In Northfield’s midterm elections, voters faced a ballot question to increase the Community Preservation Act surcharge on real property from 0.5 to 1 percent. CPA allows communities to create a local Community Preservation Fund for open space protection, historic preservation, affordable housing and outdoor recreation. Community preservation money is raised locally through the imposition of a surcharge of not more than 3 percent of the tax levy on real estate, and a community’s voters must agree to this local surtax by referendum.
Northfield adopted the CPA in 2008 at its maximum 3 percent; in 2009, voters lowered that to 0.5 percent. In 2018 came a push to grow this pot of money. In the weeks leading up to election day, members of the Northfield Community Preservation Committee worked hard to educate townspeople about the benefits of CPA money, putting signs around town pointing out “Your CPA Funds at Work.” Ten completed projects were showcased, ranging from repairs to historic buildings including the library, the old high school, Town Hall and First Parish Church, to historical monuments such as the Belcher Fountain and the Civil War Memorial, to housing (Squakheag Village) and the preservation of land for the new Ames Accessible Nature Trail.
Being a property tax increase, it was a hard sell, made all the harder by the failure of the state to live up to its original promise to match 100% of what each municipality raised. In the end, the 2018 ballot question was defeated 553-847.

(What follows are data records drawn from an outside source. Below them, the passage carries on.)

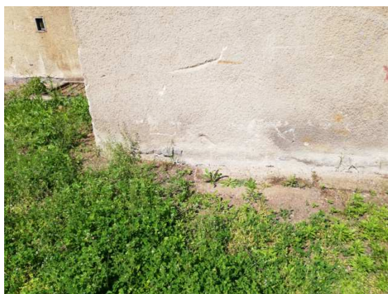
19. vzlínající vlhkost v místě syku s terénem
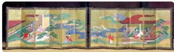
屏風一对(宮中物語絵巻)
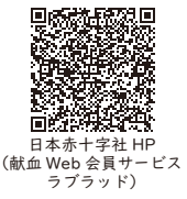
日本赤十字社 HP （献血 Web 会員サービス ラブラッド）
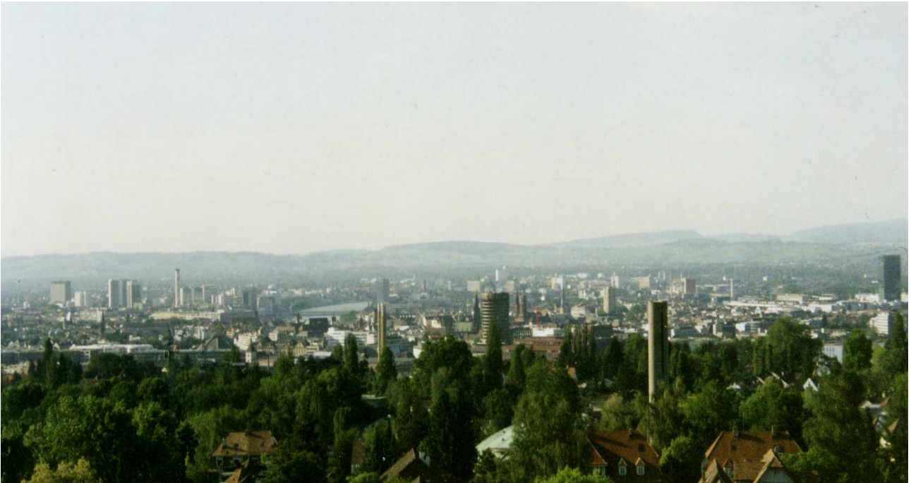
Basel im Blick aus Südost (oben). Fassade des Gebäudes „Forum 3“ von Diener & Diener auf dem Novartis Campus (2002-2005).
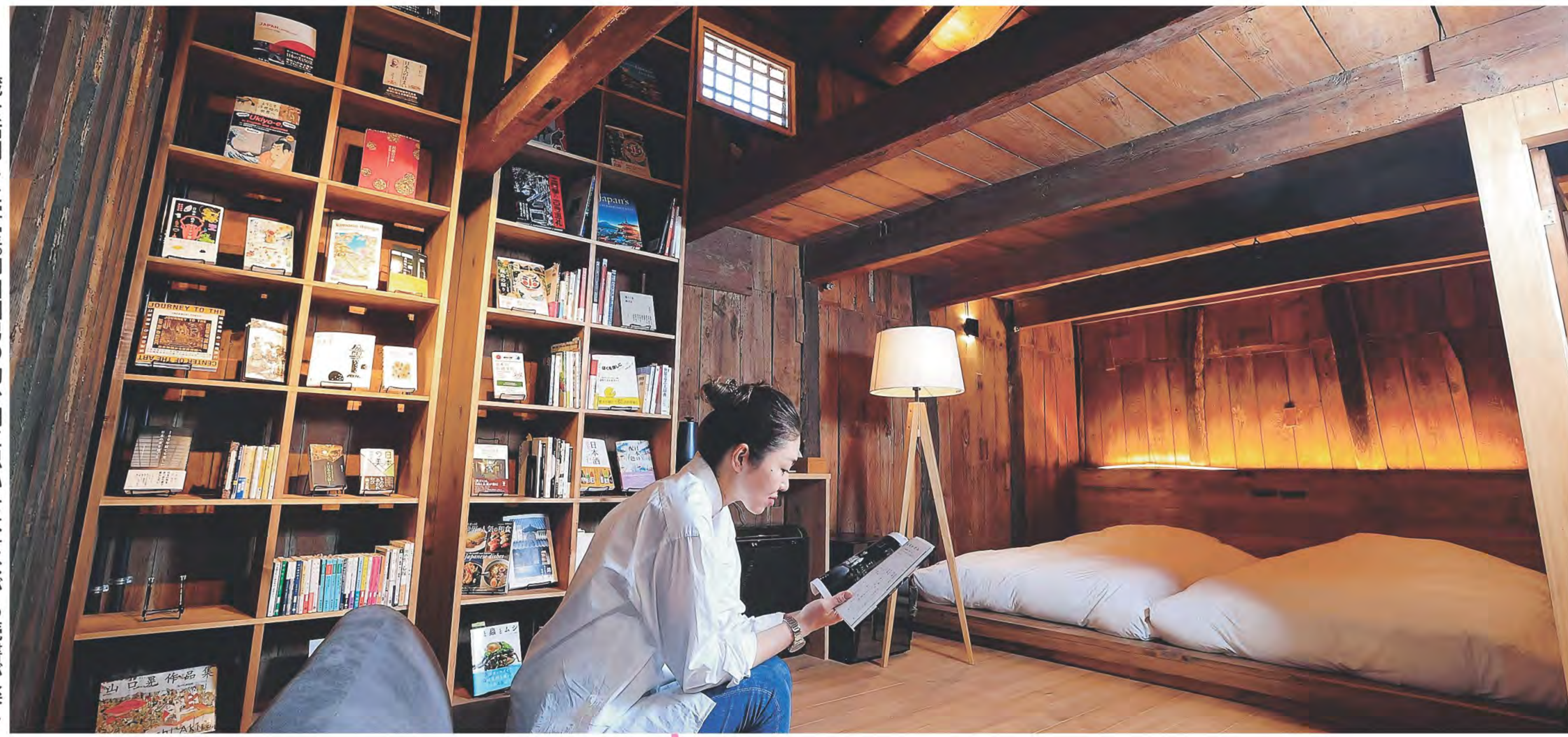
蔵を活用した客室。柳田国男の幼少期に思いをはせながら読書が楽しめる。兵庫県福崎町西田原、NIPPON I A 播磨福崎 蔵書の館
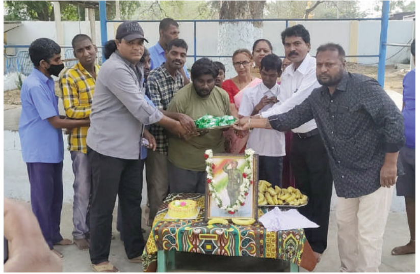
టైమ్స్ ఆఫ్ వార్త - మందపూరి:
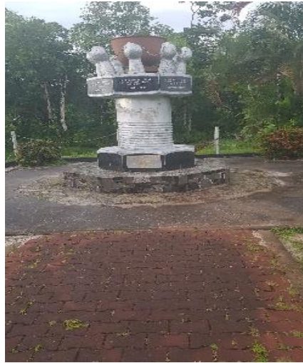
PLANTAGE ONVERWAGT, 18 MEI 1881, ACHT 8 KOPERS, 10 OCTOBER 1881
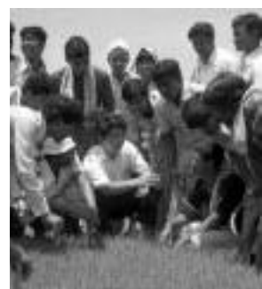
圃場で指導する稲作隊員
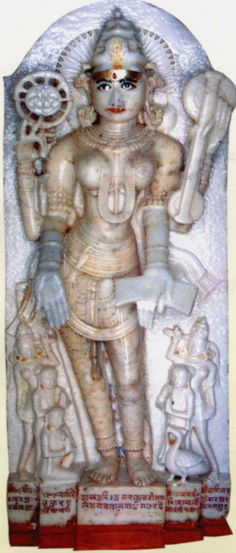
શ્રી સરસ્વતી દેવી (રાંતેજ તીર્થ)

યદુન્મીલનશક્ત્યેવ જગદુન્મીલતિ ક્ષણાત્ । સ્વાત્માયતન વિશ્રાન્તામ્ તામ્ વન્દે પ્રતિભાં શિવામ્ ॥
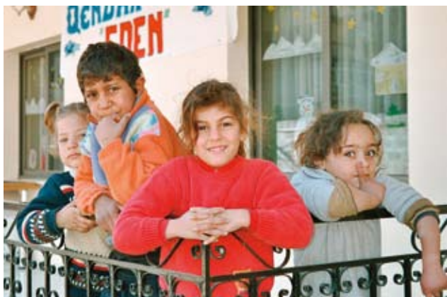
Албания: содействие беспризорным детям в Центре «Еден» в Тиране.

Проекты организации «Реновабис», осуществляемые в странах Центральной, Восточной и Юго-Восточной Европы, разрабатываются в тесном согласовании с партнерами на местах и поэтому они ориентируются на их нужды и возможности.
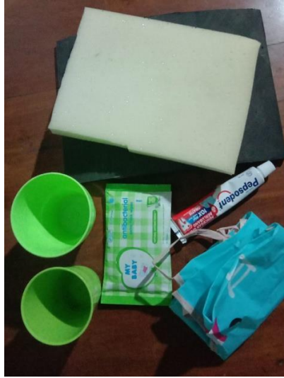
Gambar 2. 3 Alat dan Bahan Pembuatan Oral Hygiene Kit
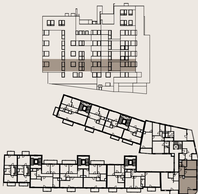
budova M1 - 2.NP / building M1 - 2nd floor
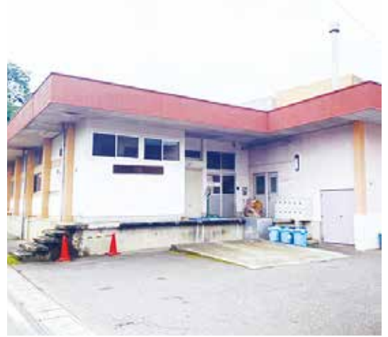
老朽化した現中島村学校給食センター (昭和43年築)
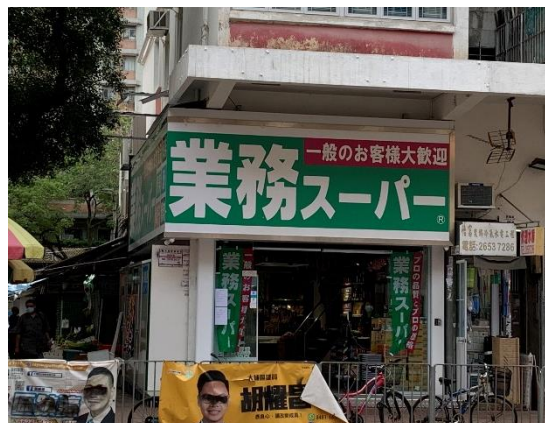
<業務スーパー香港1号店（筆者撮影）>

2021年5月に、神戸物産が運営する「業務スーパー」の香港1号店が開業しました。日本でも独自の商品展開で人気を集めていますが、香港でもこれまで紹介されていなかった日本産食品が提供されるのではと注目を集めています。日本産食品を扱う地元小売店が増加する中、他社との差別化を図っていくことが成功の鍵になると思われます。
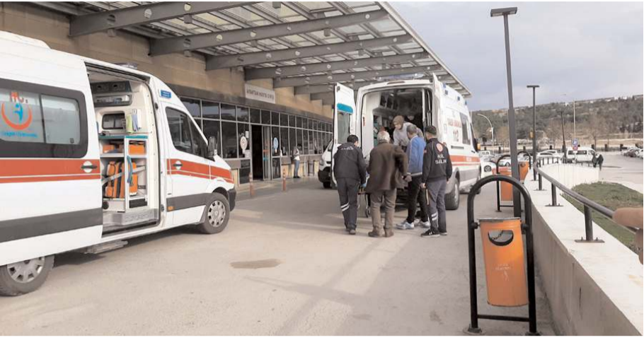
Kazalarda yaralananlar hastanede tedavi altına alındı.

Kazalarda yaralanan 3'ü ağır 9 kişi, sağlık ekiplerince Hitit Üniversitesi Erol Olçok Eğitim ve Araştırma Hastanesi ile kentte bulunan özel hastanelere kaldırıldı.(AA)
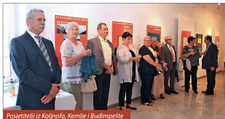
Posjetitelji iz Koljnofa, Kemlje i Budimpešte
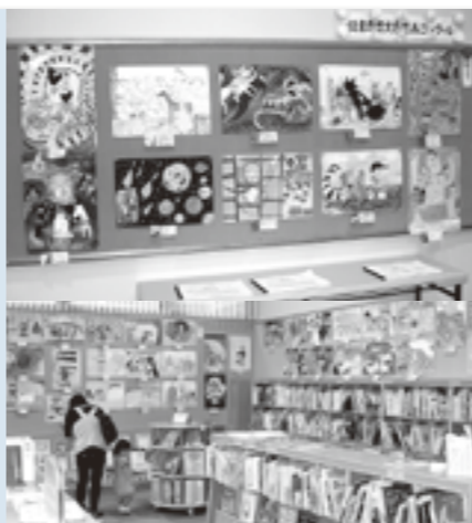
読書感想文・感想画コンクール入賞作品を図書館内に展示しています!
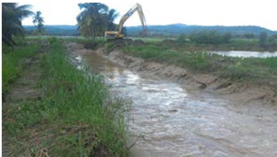
Maquinaria interviniendo en la limpieza de los ríos.
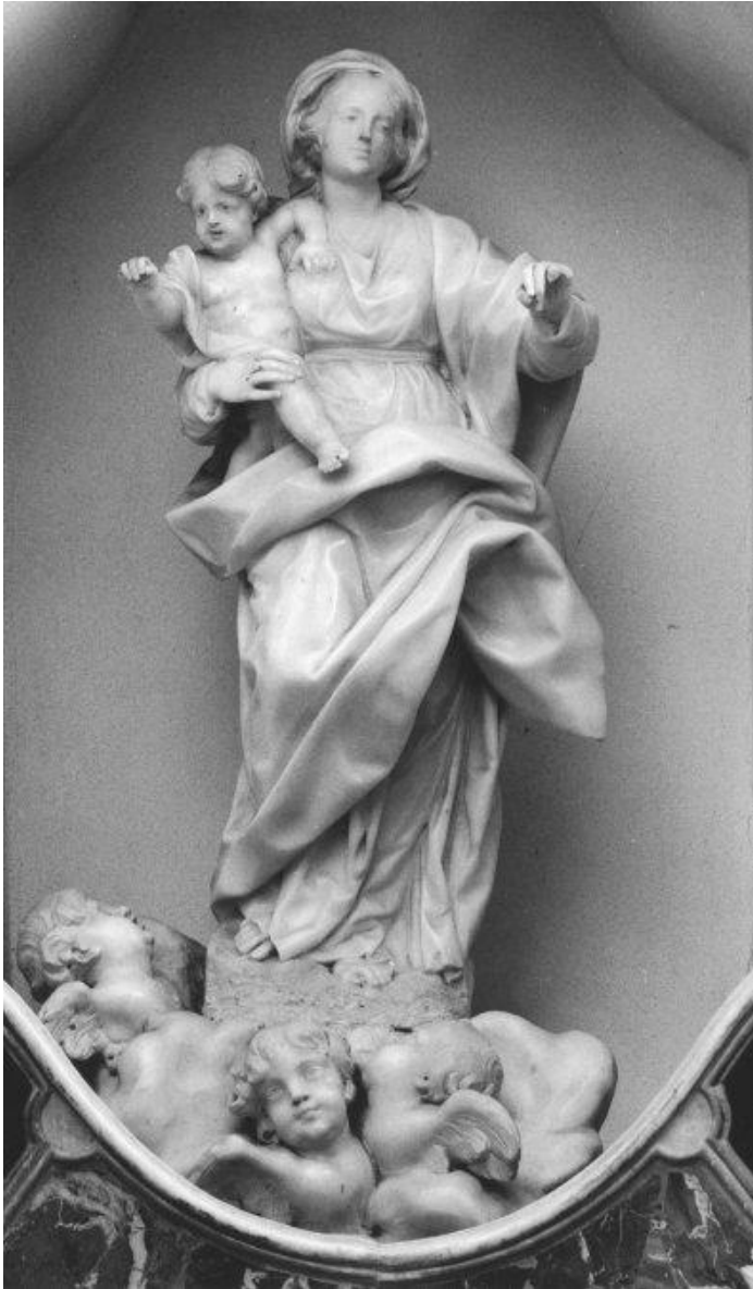
Fig. 7 - Pasquale Bocciardo, N.S. del Rosario . Ortovero, Chiesa parrocchiale di San Silvestro Papa.
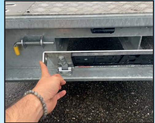
5 Schliessen der Klappe
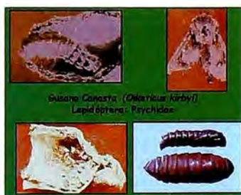
Figura 8. Gusano canasta.

Esta plaga así como otros insectos comedores de hojas, como el Gusano Monturita ( Sibine sp.), el Gusano Peludo ( Antichloris sp.) y el Gusano Araña ( Phobetrion sp.), se presentan ocasionalmente en bajas poblaciones y preferiblemente más en plátano que en banano. Todas estas plagas poseen un buen control biológico. Su manejo se fundamenta en mantener la frecuencia de los deshojes.
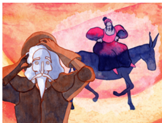
Var. 6 : Dulcinée

À la fin de l'œuvre, Don Quichotte rentre chez lui et Strauss fait entendre tous les thèmes qui résument ses aventures.
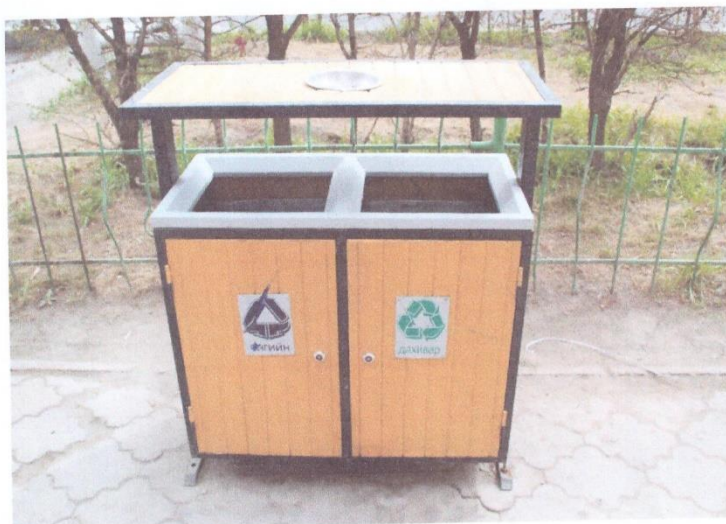
Хогийн савны жишээ зураг

Indeed, there was scant incentive for voters in Northfield or across the state to cough up more of their own money. As originally conceived, taxpayers’ contributions were to be matched 100 percent by a pool of money created by a $20 fee collected at the state’s Registries of Deeds when property changes hands. That happy state of affairs lasted for six years. But as more towns signed on, the available pool of money had to be cut more ways. By 2008, the state reimbursement had fallen to 67 percent and continued to drop every year. This year, the reimbursement rate was 13.8 percent, boosted by $10 million in state surplus funds to yield a 19 percent reimbursement – a far cry from the original 100 percent.
Just seven towns in Franklin County have adopted the Community Preservation Act (Conway, Deerfield, Leverett, Northfield, Shutesbury, Sunderland and Whately). All joined it in high hopes of preserving history, conserving land and supporting affordable housing in their communities. But since then, it was been subject to push-back from opponents. For example, last fall the Supreme Judicial Court of Massachusetts ruled to bar the disbursement of CPA funds to restore stained glass windows in an historic Acton church. Less clear is the fate of CPA money granted to restore other historic structures in active use as religious institutions. Unfortunately, historic churches are ubiquitous in Franklin County. In the state Legislature, lawmakers have from time to time attempted to raid the CPA trust fund. Even townspeople themselves can ask for a re-do in an attempt to water down the program; in Northfield, for example, the year after CPA was narrowly adopted in 2008, taxpayers passed a surcharge decrease from 3 percent to the present ½ percent in 2009, thus reducing the available pool of money to spend locally.
If the Community Preservation Act is to fulfill its promise – indeed, even survive – our legislators must adjust the funding formula to ensure every CPA community could receive at least a 50 percent match. On the campaign trail, Gov. Charlie Baker promised to do just that, saying, “It’s obvious that there needs to be an adjustment made. We would support that mechanism being increased and I’m assuming it will probably be taken up again in the legislative session. … We would support it and we would sign it.”
A bill to raise the Registry of Deeds filing fees that feed the trust fund has been in the House Ways and Means Committee since May 2017. It’s time for our representatives to vote to pass this bill and for Gov. Baker, now comfortably reelected, to sign it, as promised.
Only then will our towns have a compelling reason to adopt CPA and, for those that already have, to put a bit more of their hard-earned money to work in their community.